New Study In Men With Prediabetes Suggests Eating The When Way May Help Improve Metabolic Syndrome

Chances are, you or someone you know probably has Metabolic Syndrome. This constellation of symptoms—which increases the risk of heart disease, diabetes, and stroke, not to mention arthritis, wrinkles, impotence, and dementia—affects about 1 in 4 adults. To have metabolic syndrome, you need at least three of the following:

·     Waist circumference greater than 35 inches in women and 40 inches in men

·     High Triglycerides (150 (mg/dL) or greater)

·     Low HDL cholesterol (less than 50 mg/dL in women or 40 mg/dL in men)

·     Hypertension (130 / 85 or higher) 

·     Prediabetes (Fasting glucose of 100 mg/dL or greater)

Fortunately, metabolic syndrome is reversible, and the primary way to do it is to lose weight (decrease waist circumference). But now a new study has found that focusing on WHEN you eat, may help improve both fasting blood sugar and hypertension even in the absence of weight loss. 

The study enrolled men with prediabetes (1 in 3 adults have it) and had them follow two different eating schedules. The participants either started by eating three meals per day over a 12-hour window (control group) or the same meals over a 6-hour window early in the day (early, time restricted feeding) for five weeks. They then switched to the other schedule for another five weeks. All the meals were provided, and the men weren’t allowed any additional food. They were purposefully given enough calories so that they would not lose weight, because the scientists wanted to see how early time restricted feeding could affect the body independent of weight loss. 

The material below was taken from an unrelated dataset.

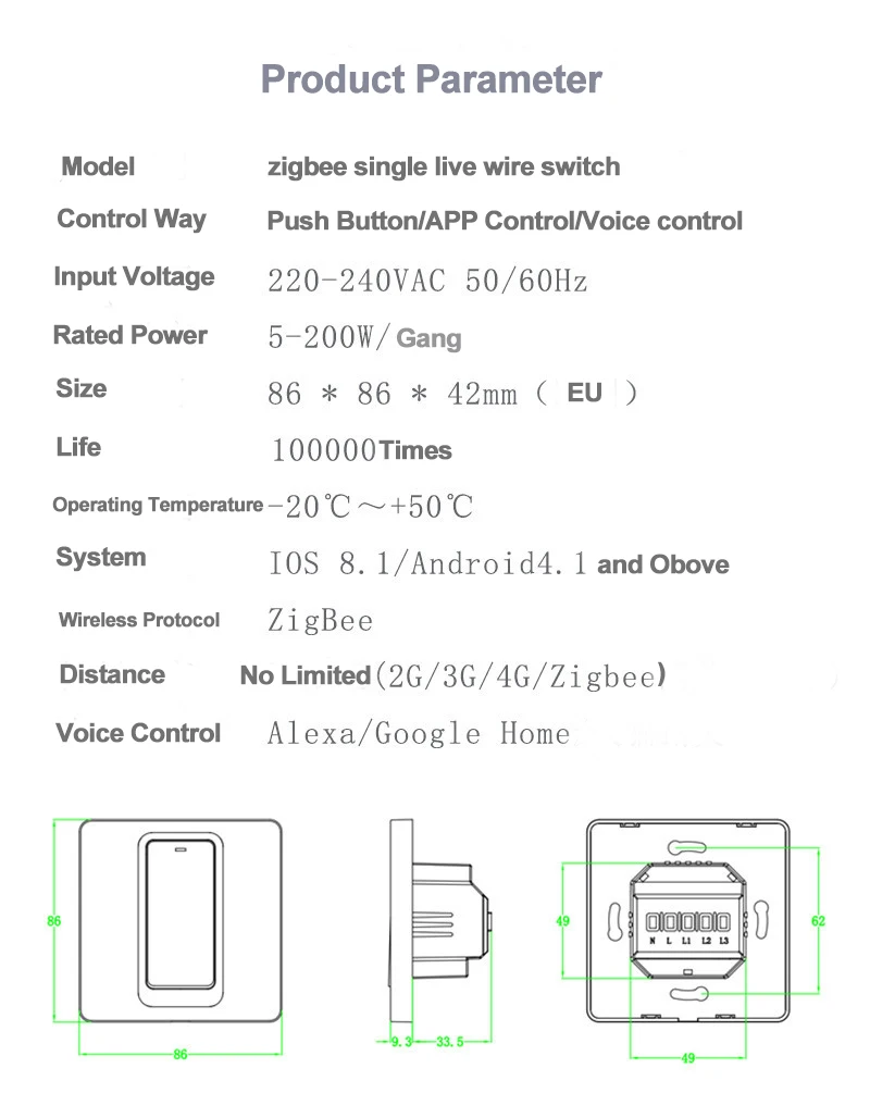 Номер моделиEU Zigbee Switch

After just five weeks of early, time-restricted feeding, the men had a meaningful (statistically significant) improvement in insulin levels and insulin resistance. In addition, they had a significant decrease in systolic and diastolic blood pressure. And remember this is without losing any weight.

The researchers found no change in LDL, or HDL cholesterol but did find a slight increase in triglycerides. While high triglycerides are a factor in metabolic syndrome, in this case they may have been elevated, because testing was done in the morning, and there is more fat mobilization after an extended fast. 

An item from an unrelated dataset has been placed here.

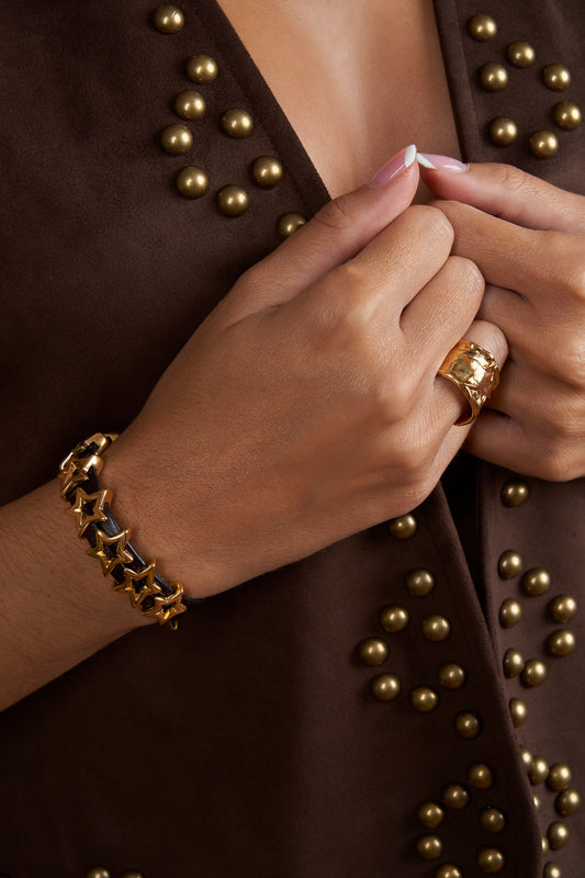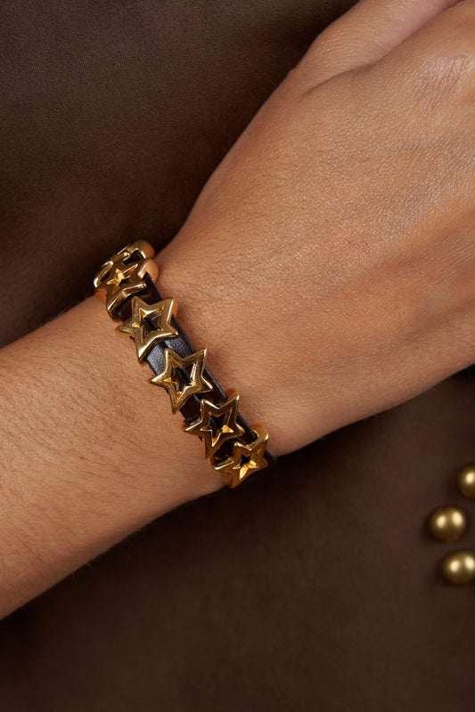 Pulsera Supernova Cuero Oro 3 Estrellas

This remarkable study is the first of its kind in humans to show that WHEN you eat can impact metabolic syndrome risk factors even without weight loss, in just a few weeks. While this study was small and short and should be repeated with a larger group for a longer period of time, it gives us some valuable insight into WHEN we should be eating. If you’re eating the When Way, the takeaway for you from this study is that increasing the time between your last meal and your first the next day, can have important benefits beyond weight loss.